Here's the code, except for the validation.

  • 'Set up the Range.
  • Set rMovieRecords = Range(Cells(9, 1), Cells(9, 1).End(xlToRight).End(xlDown))
  • sCountAllRecords = rMovieRecords.Rows.Count
  • 'Initialize
  • sCountValidRecords = 0
  • sCountInvalidRecords = 0
  • sCountViewerMoreThanCritic = 0
  • For sRecordNumber = 1 To sCountAllRecords
  •     'Read the current record
  •     tTitle = rMovieRecords.Cells(sRecordNumber, TITLE_COLUMN)
  •     tGenre = rMovieRecords.Cells(sRecordNumber, GENRE_COLUMN)
  •     sCriticRating = rMovieRecords.Cells(sRecordNumber, CRITIC_RATING_COLUMN)
  •     sViewerRating = rMovieRecords.Cells(sRecordNumber, VIEWER_RATING_COLUMN)
  •  
  •     'Normalize title and genre
  •     tTitle = Trim(tTitle)
  •     tGenre = LCase(Trim(tGenre))
  •  
  •     'Process
  •     sCountValidRecords = sCountValidRecords + 1
  •     If sViewerRating > sCriticRating Then
  •         sCountViewerMoreThanCritic = sCountViewerMoreThanCritic + 1
  •     End If
  •  
  • Next sRecordNumber
  •  
  • 'Output
  • Cells(4, 2) = sCountValidRecords
  • Cells(5, 2) = sCountInvalidRecords
  • Cells(6, 2) = sCountViewerMoreThanCritic

There's a For loop to run through the data:

  • sCountAllRecords = rMovieRecords.Rows.Count
  • ...
  • For sRecordNumber = 1 To sCountAllRecords
  •     ...
  • Next sRecordNumber

Inside the loop, the first thing is to grab the fields for the current record. Here's the pseudocode:

  • For each record:
  •   Grab the record's data from the Range
  •   Normalize the data
  •   Process the data

Here's the real code.

  • For sRecordNumber = 1 To sCountAllRecords
  •     'Read the current record
  •     tTitle = rMovieRecords.Cells(sRecordNumber, TITLE_COLUMN)
  •     tGenre = rMovieRecords.Cells(sRecordNumber, GENRE_COLUMN)
  •     sCriticRating = rMovieRecords.Cells(sRecordNumber, CRITIC_RATING_COLUMN)
  •     sViewerRating = rMovieRecords.Cells(sRecordNumber, VIEWER_RATING_COLUMN)
  •     ...
  • Next sRecordNumber

The next step is to normalize.

  • For each record:
  •   Grab the record's data from the Range
  •   Normalize the data
  •   Process the data

The code:

  • For sRecordNumber = 1 To sCountAllRecords
  •     ...
  •     'Normalize title and genre
  •     tTitle = Trim(tTitle)
  •     tGenre = LCase(Trim(tGenre))
  •     ...
  • Next sRecordNumber

The last step is processing.

  • For each record:
  •   Grab the record's data from the Range
  •   Normalize the data
  •   Process the data

The code:

  • For sRecordNumber = 1 To sCountAllRecords
  •     ...
  •     'Process
  •     sCountValidRecords = sCountValidRecords + 1
  •     If sViewerRating > sCriticRating Then
  •         sCountViewerMoreThanCritic = sCountViewerMoreThanCritic + 1
  •     End If
  • Next sRecordNumber

The flag pattern for validation

Let's add the validation. We have three fields to check:

  • Genre (romance, action, or scifi)
  • Average critic rating, from 1 to 5
  • Average viewer rating, from 1 to 5

We want to do the processing only if all of the fields have valid data. If there's an error in any field of a record, we want to ignore the record.

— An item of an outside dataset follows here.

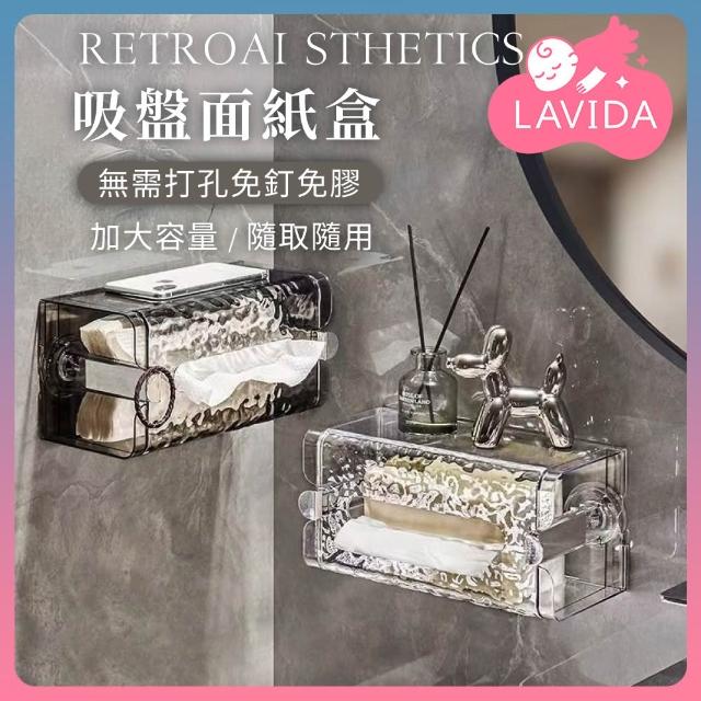 LAVIDA 育兒好好玩吸盤面紙盒 輕奢波紋 洗臉巾收納盒 壁掛式紙巾盒 廁所紙巾盒 浴室收納 寬口抽紙盒 廚房面紙盒 面紙

For that, we can use the flag pattern again.

Pattern

Flag

A variable that summarizes the results of a bunch of code.

Here's what the code will be like:

  1. tDataOk = "yes"
  2. If field 1 is bad Then
  3.     tDataOk = "no"
  4. EndIf
  5. If field 2 is bad Then
  6.     tDataOk = "no"
  7. EndIf
  8. If field 3 is bad Then
  9.     tDataOk = "no"
  10. EndIf
  11. If tDataOk = "yes" Then
  12.     Processing
  13. EndIf

If any of the fields are bad, then tDataOk will be "no" by the time we get to line 11: If tDataOk = "yes" Then.

Validating genre

Genre is a string field with three valid values. Here's code that will validate it:

  • If tGenre <> "romance" And tGenre <> "action" And tGenre <> "scifi" Then
  •     tDataOk = "no"
  • End If
Ray
Ray

What if the genre is "Romance" instead of "romance". That If won't pick it up.

Reflect

Is Ray right? Why, or why not?

(If you were logged in as a student, the lesson would pause here, and you'd be asked to type in a response. If you want to try that out, ask for an account on this site.)
Georgina
Georgina

We already normalized the data, so "Romance" will have been converted to "romance".

  • tGenre = LCase(Trim(tGenre))

Validating ratings

Here's code to validate the critic rating:

  1. tCriticRatingIn = rMovieRecords.Cells(sRecordNumber, CRITIC_RATING_COLUMN)
  2. ...
  3. 'Check critic rating
  4. 'Is it a number?
  5. If Not IsNumeric(tCriticRatingIn) Then
  6.     'Not a number
  7.     tDataOk = "no"
  8. Else
  9.     'It is a number
  10.     'Copy value to a numeric variable
  11.     sCriticRating = tCriticRatingIn
  12.     'Range check
  13.     If sCriticRating < 1 Or sCriticRating > 5 Then
  14.         tDataOk = "no"
  15.     End If
  16. End If

First, we put the field's value into a string variable (line 1). If we put it straight into a numeric variable, the program will crash if the cell contains something like "fish".

Then we check whether it's numeric (line 5). If it isn't, set the flag, and that's it.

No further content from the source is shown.